The real new in the source is the “try-catch” decoration. To those who are mostly COS programmers: it is a beginner’s guide. I do not want to dispute neither programming styles nor performance of particular techniques.

Class h2.createrestfulservice.ResourceMap Extends %CSP.REST
{

///
/// The UrlMap determines how a Url should map to a HTTP Method and a Target ClassMethod
/// indicated by the 'Call' attribute. The call attribute is either the name of a method
/// or the name of a class and method seperated by a ':'. Parameters within the URL preceded
/// by a ':' will be extracted from the supplied URL and passed as arguments to the named method.
///
/// In this Route Entry GET requests to /class/namespace/classname will call the GetClass method
///
/// <Route Url="/class/:namespace/:classname" Method="GET" Call="GetClass"/>
///
XData UrlMap [ XMLNamespace = "http://www.intersystems.com/urlmap" ]
{
<Routes>
  <Route Url="/:service" Method="GET" Call="InvokeEnsembleService"/>
  <Route Url="/:service/:p1" Method="GET" Call="InvokeEnsembleService"/>
  <Route Url="/:service/:p1/:p2" Method="GET" Call="InvokeEnsembleService"/>
  <Route Url="/:service" Method="PUT" Call="InvokeEnsembleService"/>
</Routes>
}

ClassMethod InvokeEnsembleService(service, argv...) As %Status
{
  try {
    set status = ##class(Ens.Director).CreateBusinessService(service, .instace)
    throw:$$$ISERR(status) ##class(NoProduction).%New()
    #dim response as %DynamicObject
    set status = instace.ProcessInput(.argv, .response)
    throw:$$$ISERR(status) ##class(%Exception.StatusException).%New(status)
    throw:'$data(response) ##class(NoResponse).%New()
    if $isObject(response) {
      if response.%Extends(##class(%DynamicObject).%ClassName(1)) { write response.%ToJSON() }
      elseif response.%Extends(##class(%ZEN.proxyObject).%ClassName(1)) {
        do ##class(%ZEN.Auxiliary.jsonProvider).%ObjectToJSON(response)
      }
      elseif response.%Extends(##class(%XML.Adaptor).%ClassName(1)) {
        do response.XMLExportToString(.ret)
        write ret
      }
      else { throw ##class(Serialization).%New() }
    }
    else {
      write response
    }     
  }
  catch ex {
    set httpErrorCode = $case(ex.%ClassName(1),
                 ##class(h2.createrestfulservice.NoProduction).%ClassName(1):503,
                                                            :500)
    do ..ReportHttpStatusCode(httpErrorCode,ex.AsStatus())
  }
  quit $$$OK
}

}

 

If you are over with reading you might recognize that there are three custom exceptions. Please find the code of them right below.

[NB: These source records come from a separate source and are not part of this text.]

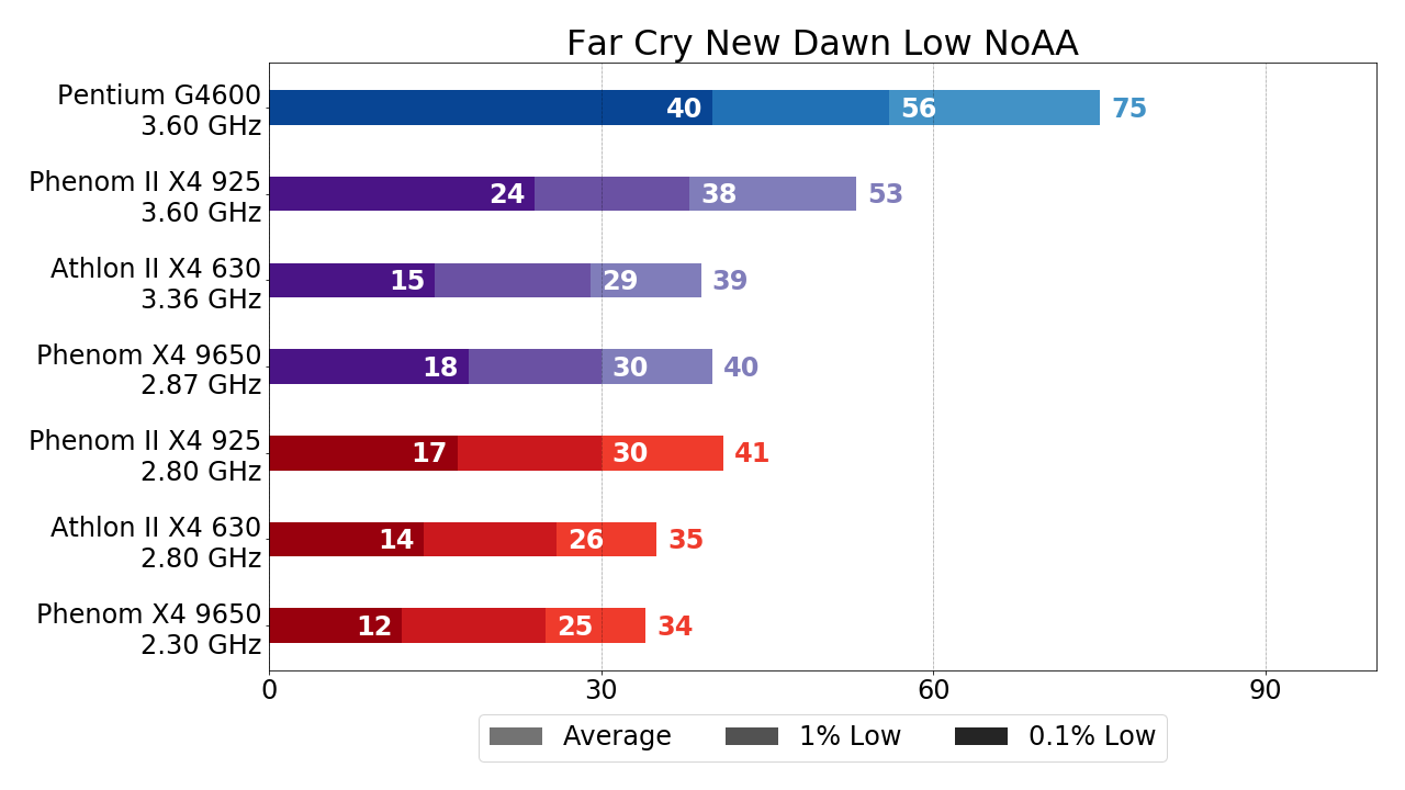 Far Cry New Dawn, использующий "движок" Dunia Engine лишён поддержки современных API (DirectX 12 или Vulkan) и вновь результатах 4-ядерных "старичков" невпечатляющие да и разгон в целом не сильно помогает — к стабильным 30 FPS подбирается лишь Phenom II X4 в разгоне.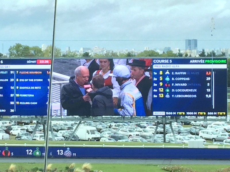 Quando o diretor de antena da Alfa, Daniel Ribeiro, falava no pódio (imagem do ecrã gigante do hipódromo) e felicitava Éric Raffin pela vitória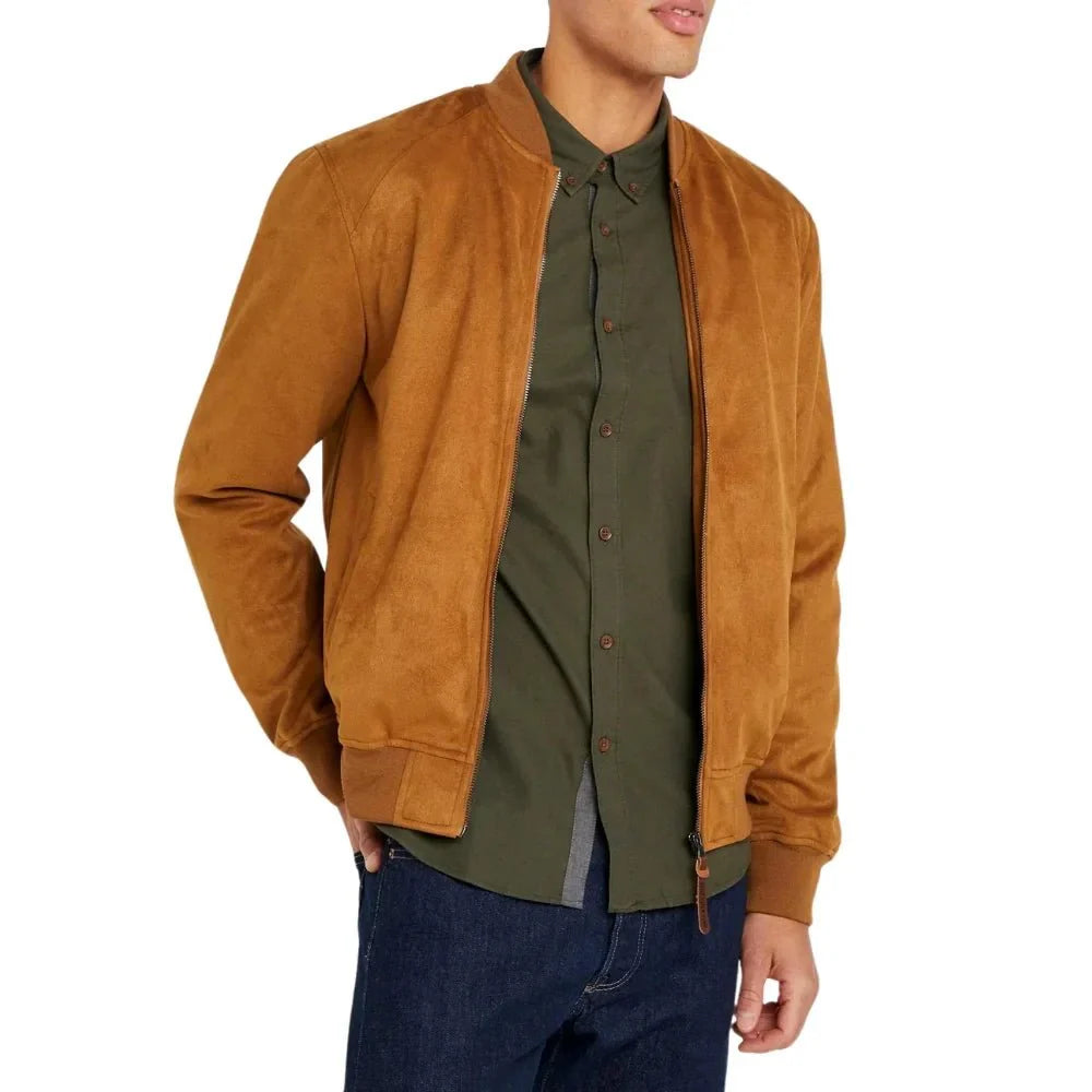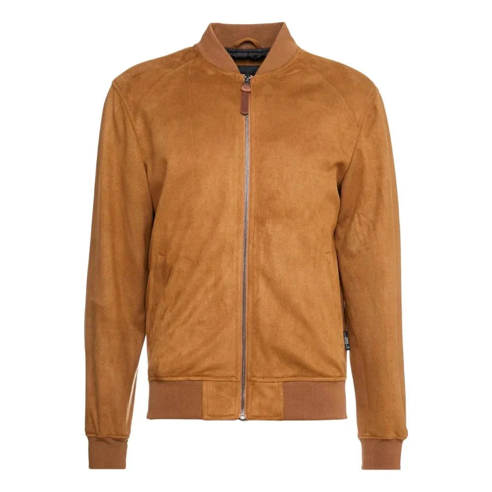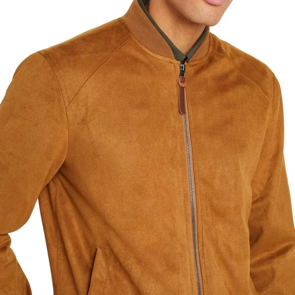 The Men’s Rib Knitted Men’s Suede Leather Jacket in Camel Brown Color. It brings together high-end craftsmanship and contemporary design. Made from 100% Premium Suede leather, this men’s brown suede jacket is soft to the touch, while the polyester lining ensures long-lasting comfort. The rib-knitted collar, cuffs, and hemline give it a structured yet laid-back look. The front zipper closure offers ease and practicality, complemented by two external and two internal pockets for extra utility. Its camel brown shade is rich and stylish, making this jacket an excellent addition to your wardrobe for both casual and elevated occasions.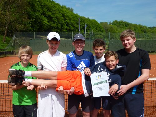 Die Tennis-Mannschaft der Albert-Einstein-Schule Schwalbach (Jungen Jahrgänge 1997-2000) traf beim Regionalentscheid des Wettbewerbs „Jugend trainiert für Olympia“ in Wiesbaden auf die Pestalozzischule Idstein und die Humboldtschule Wiesbaden.

Class h2.createrestfulservice.Serialization extends %Exception.AbstractException {

Method OnAsStatus() as %Status
{
  quit $$$ERROR(5001,"No known serialization method")
}

}

Class h2.createrestfulservice.NoProduction extends %Exception.AbstractException {

Method OnAsStatus() as %Status
{
  quit $$$ERROR(5001,"Production is down")
}

}

Class h2.createrestfulservice.NoResponse extends %Exception.AbstractException {

Method OnAsStatus() as %Status
{
  quit $$$ERROR(5001,"No response is received")
}

}

As you expect Ensemble Business Operations using EnsLib.HTTP.OutboundAdapter are catching return status other then 200 (OK). That allows to stay with the standard error handling inside Ensemble at the service consumer side. There is no real need for Business Operation example. Any of those created during any earlier session is just fine.